A Spring Morning In The West Desert

We had a wonderful time out on the west desert again this morning.  The light was great, the birds were singing and everything was clear, crisp and clean.  This post is meant to give you a feel for what it was like.  I didn’t get any stunning photos so don’t expect any here but I think you might enjoy the variety of what we experienced.


horned lark 1851 ron dudley

 1/4000, f/6.3, ISO 500, 500 f/4, 1.4 tc, natural light (these settings were a mistake for the situation)

The Horned Larks like to perch on rocks this time of year.  This is the male.



horned lark 1698 ron dudley

 1/2500, f/7.1, ISO 640, 500 f/4, 1.4 tc, natural light

And this is the female, singing.  Their soft, subtle call is music to my ears but you have to be quite close to appreciate it.



western meadowlark 1740 ron dudley

 1/4000, f/5.6, ISO 640, 500 f/4, 1.4 tc, natural light

I was just the right distance from this singing Western Meadowlark for a take-off shot but when it launched it did so in the wrong direction (behind it) so I didn’t get that shot.  I wish I’d been closer for this static image but still liked it.  For you photogs, my settings were meant for the take-off.



mule deer 4160 ron dudley

 1/640, f/8, ISO 500, 100-400 @ 130mm, natural light

This is what it’s like when 12 huge ears are pointed directly at you.  These Mule Deer were interested in us for a few moments but fairly quickly they became unconcerned…



mule deer 4173 ron dudley

  1/1600, f/7.1, ISO 640, 100-400 @ 300mm, natural light

and jumped a fence to leisurely cross the dirt road right in front of us.  Not a great shot, but interesting nonetheless, I thought.



moon over mountains 1776 ron dudley

   1/800, f/16, ISO 500, 500 f/4, 1.4 tc

This photo was taken in full daylight at 8:07 AM, just as the moon began to drop behind the mountains to the west.  It’s amazing just how fast the moon seems to move when it’s so close to whatever forms the horizon.  I decided to post a large version of this image for the moon detail.  Please forgive the obnoxiously placed copyright logo.

I love Utah’s west desert.  I remember when I was a relatively young squirt, soon after moving here from NW Montana 45 years ago, thinking that Utah was largely a wasteland compared to the alpine splendors I’d left up north.  Boy, was I ever wrong!  We have our own extensive mountain splendors but in addition we have the Colorado Plateau with its spectacular red rock country, the Great Basin with all that includes, huge wild areas like the San Rafael Swell and the Book Cliffs and the list goes on.  About the only thing we don’t have is a true ocean.  But instead we have the unique Great Salt Lake and all of its wetlands.  I’m convinced that no other state has the variety of physiography that we do.

Yes, we do have some social and political quirks (in my opinion) that can occasionally try one’s patience but I don’t think Utah can be beat when it comes to the variety of what we have to offer in our landscapes, flora and fauna.

That said, I still love Montana and I go “home” several times every year but it’s just too damned cold up there for me in the winter…


22 comments to A Spring Morning In The West Desert

  • What a lovely Day!
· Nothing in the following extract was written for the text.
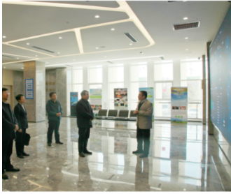
开展《山东省知识产权保护... 1 2 3 4 5

I find it amazing how much the light has changed. Love the variety of shots, both zoomed in and wide angle.happy Easter and Happy spring!

  • Ingrid

    Dear Ron, WOW WEE!!!! (as my 1 year old granddaughter would say!). All stunning photos as usual, but the one of the moon ……… I reckon that would just NEEDS your copyright logo all over it!
    Hope you are having a good Easter weekend – it is still freezing here on the South coast of the UK: bizarre!
    Kind regards, Ingrid

  • Hi there Ron:

    I’m just spending some time browsing the web tonight and bouncing from page to page. Nothing special really. just a random search for photography.
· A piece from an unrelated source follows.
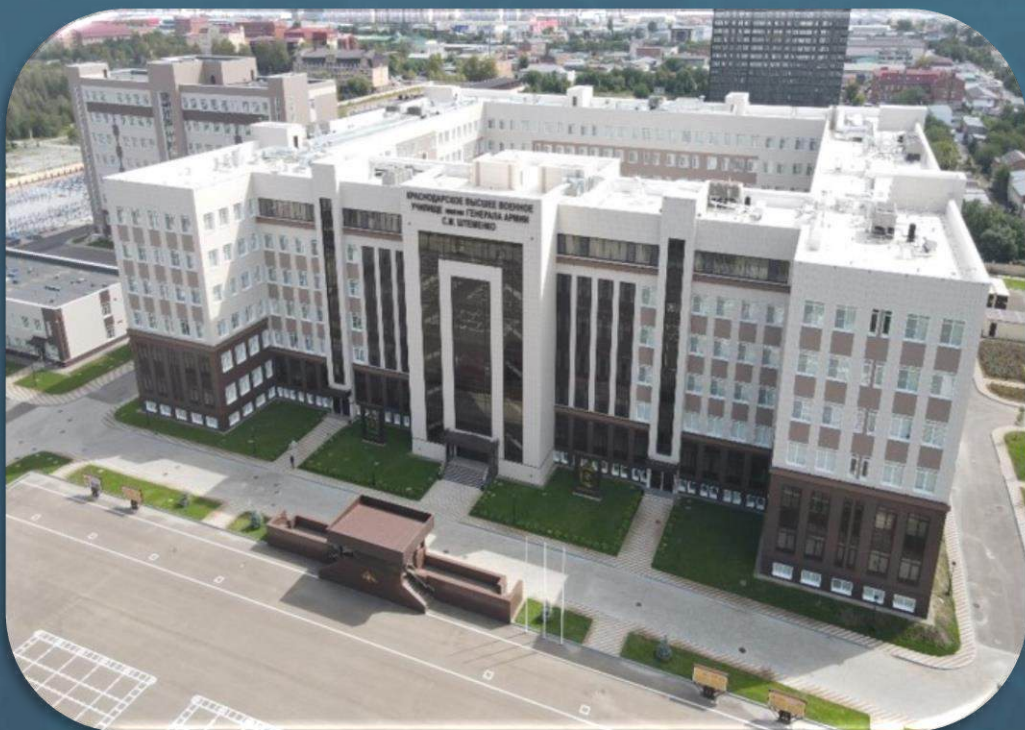
Учебный корпус № 1

    Anyway, like others seem to be saying that shot of the Moon is simply off the chart! I feel is if I should have great words of wonder and wisdom but the simple fact is I’m not one of those guys that can express himself that way. Even so it’s a beautiful shot!
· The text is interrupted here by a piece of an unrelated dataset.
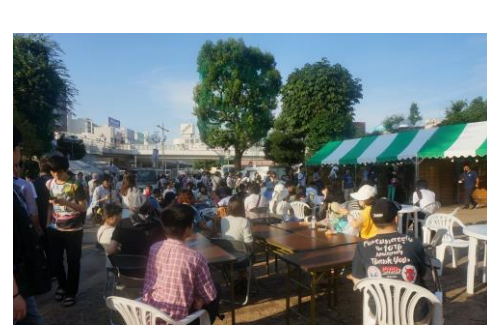
まつり会場の様子
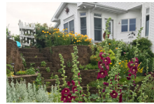
Maestro del Área de Madison Jardineros | Pág. 8

    Thank you for sharing,


  • Gorgeous photos, wonderful to see such a love of birds.

  • Happy Easter! Great picture of the Western Meadowlark!

  • What an entrancing series. And yes, I can quite see why Utah has won your heart and claimed a bit of you. However, the photos of Montana you show from your trips home are also spectacular. I would be torn.
    After being away for a number of years I am back in the city in which I grew up – and a lot of it I still find amazing. And the familiarity is also comforting. I think the only answer is to enjoy (revel in if possible) the place you are in. Or that someone else like you brings to show you. Thank you.

  • Debbie Trainer

    Thank you again for the beautiful shots. I can almost hear the birds singing. Happy Easter to you and I hope you have a beautiful day!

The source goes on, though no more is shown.